2. `input_layers`: A list of the input layers that exist within the model.
3. `input_shape`: A tuple specifying the shape of the input or a list of tuples specifying shapes of the input layers. You can match input shape with the input layer by index of `input_layers`.
4. `model`: The model object defined in `model.py`. 

Notice that the only difference is that the `model` parameter must not be `None`.

**Postprocessing:** `postprocessor.py` should define `postprocess` as follows:
```
def postprocess(output_dict, output_shape):
    ...
    return {output_layer_1: data_1, ..., output_layer_n: data_n}
```
The inputs are defined as follows:
1. `output_dict`: An output dictionary mapping output layer name to associated output data.

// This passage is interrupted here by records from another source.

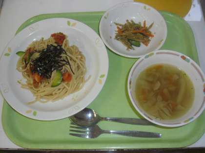 今日の献立は、トマトのサラダスパゲッティ、牛乳、ごぼうサラダ、ジュリアンスープです。トマトを入れた冷たいスパゲッティを出しました。
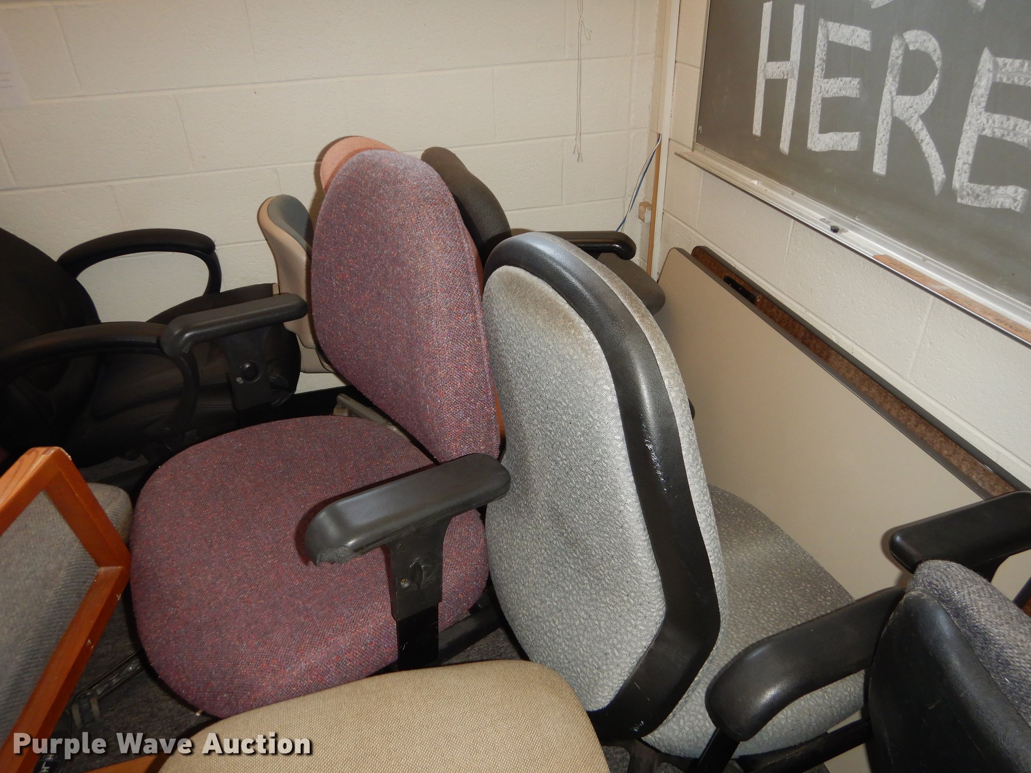 Purple Wave is selling a used Furniture in Kansas. This item is a Approximately 30 chairs with the following: Additional parts, Some damaged
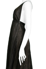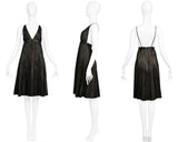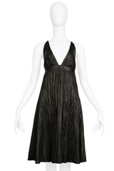Resurrection Vintage is excited to offer a vintage Alexander McQueen black leather "Fortuny crinkle" leather dress featuring an empire waist, a plunging neckline, a triangle top, an open back, a back center zipper closure, and skinny straps from the 2006 collection.

In reality, this should only be a dictionary of one output layer key. 
2. `output_shape`: A tuple specifying the shape of the output.

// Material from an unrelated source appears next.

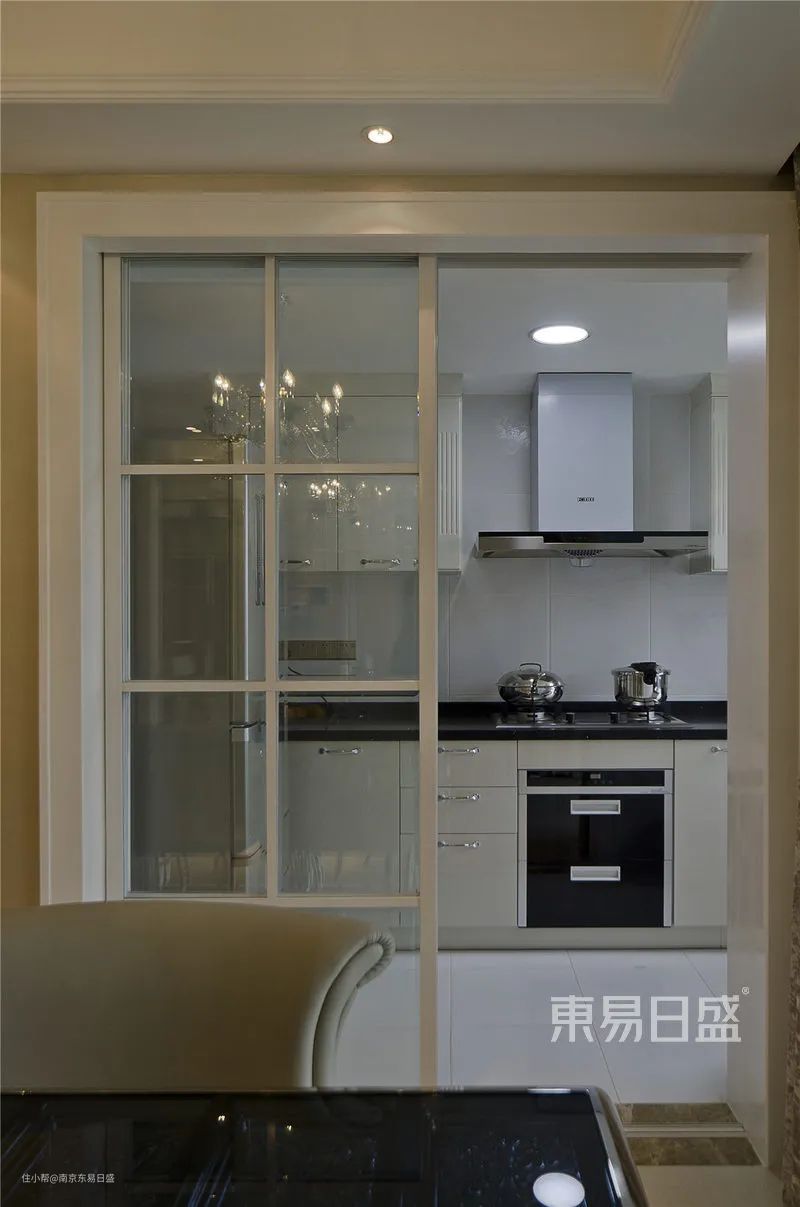 家里若是养了宠物,担心宠物会去厨房捣乱的话,那么也是建议大家给开放式厨房加个移门。

Notice that the only difference is that the `output_shape` parameter must not be `None`.

## Section 2.3: Defining Conversion Scripts

In this section, we will show you how to define your conversion scripts. Recall in Example 1 where we learned how to convert models to popular frameworks like Tensorflow or ONNX and convert them using OpenVINO's model optimizer. Instead of doing these steps separately, Open Seismic has provided a pipeline for conversion and optimization before running inference. However, we need to learn how to define those conversion scripts.

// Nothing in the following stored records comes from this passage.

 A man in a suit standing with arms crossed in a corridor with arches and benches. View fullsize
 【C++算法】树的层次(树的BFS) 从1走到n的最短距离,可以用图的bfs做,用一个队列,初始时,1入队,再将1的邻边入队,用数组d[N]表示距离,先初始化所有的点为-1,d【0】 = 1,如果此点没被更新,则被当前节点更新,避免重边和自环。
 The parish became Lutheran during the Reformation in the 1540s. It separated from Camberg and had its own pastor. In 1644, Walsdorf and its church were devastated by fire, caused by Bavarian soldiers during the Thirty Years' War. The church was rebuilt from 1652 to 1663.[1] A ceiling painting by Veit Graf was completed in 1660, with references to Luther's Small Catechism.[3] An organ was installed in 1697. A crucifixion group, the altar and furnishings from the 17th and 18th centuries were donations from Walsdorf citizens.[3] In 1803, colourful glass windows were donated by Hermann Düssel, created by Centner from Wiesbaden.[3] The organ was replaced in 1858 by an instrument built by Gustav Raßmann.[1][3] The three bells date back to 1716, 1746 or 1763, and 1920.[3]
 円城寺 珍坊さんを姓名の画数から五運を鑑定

In our system, we ask that our conversion scripts include:
1. An .sh file for calling a Python conversion script with appropriate parameters
2. A Python conversion script that will convert the original model to a popular framework equivalent

### Conversion.sh Script
Use below's code snippet as your conversion.sh script:
```
#!/bin/bash

for ARGUMENT in "$@"
do

    KEY=$(echo $ARGUMENT | cut -f1 -d=)
    VALUE=$(echo $ARGUMENT | cut -f2 -d=)

    case "$KEY" in
            *) ARGS="$ARGS $KEY" ;;
    esac
done

python3 $PWD/path/to/convert.py $ARGS
```

The only thing you need to edit is the path to the conversion Python script. Also note that this path must be from the perspective of your mounted volume when using Open Seismic's Docker container. Finally, the arguments for the Python conversion script will be read via the .sh for loop. You can control the arguments passed to the Python conversion script via the JSON config that you will also need to specify. JSON configuration and other usage topics surrounding Open Seismic's Docker container is covered in Example 3!

### Conversion.py Script

The Python conversion script needs to read arguments from the commandline, so the argparse library is useful in this scenario. It might also be helpful to specify one of the arguments as the path to the converted graph written to disk. This can make writing the JSON config file easier, since you can specify the output path as the input path for the model optimizer to look at.

## Summary

Congratulations! You have finished Example 2. This example was mainly to prepare you for Example 3 where we will put this knowledge into action and use the defined scripts in Open Seismic. Here is what you have learned in this example:
1. The purpose of each inference task.
2. The signatures, return values, and purposes for each required function and class.

If you need an example of the scripts talked about in this example, please go to the directory `examples/assets/example3/assets/example3_assets`. Look in sub-directories `example3_optimization` for conversion scripts, and look in `example3_scripts` for preprocessing, postprocessing, and model scripts.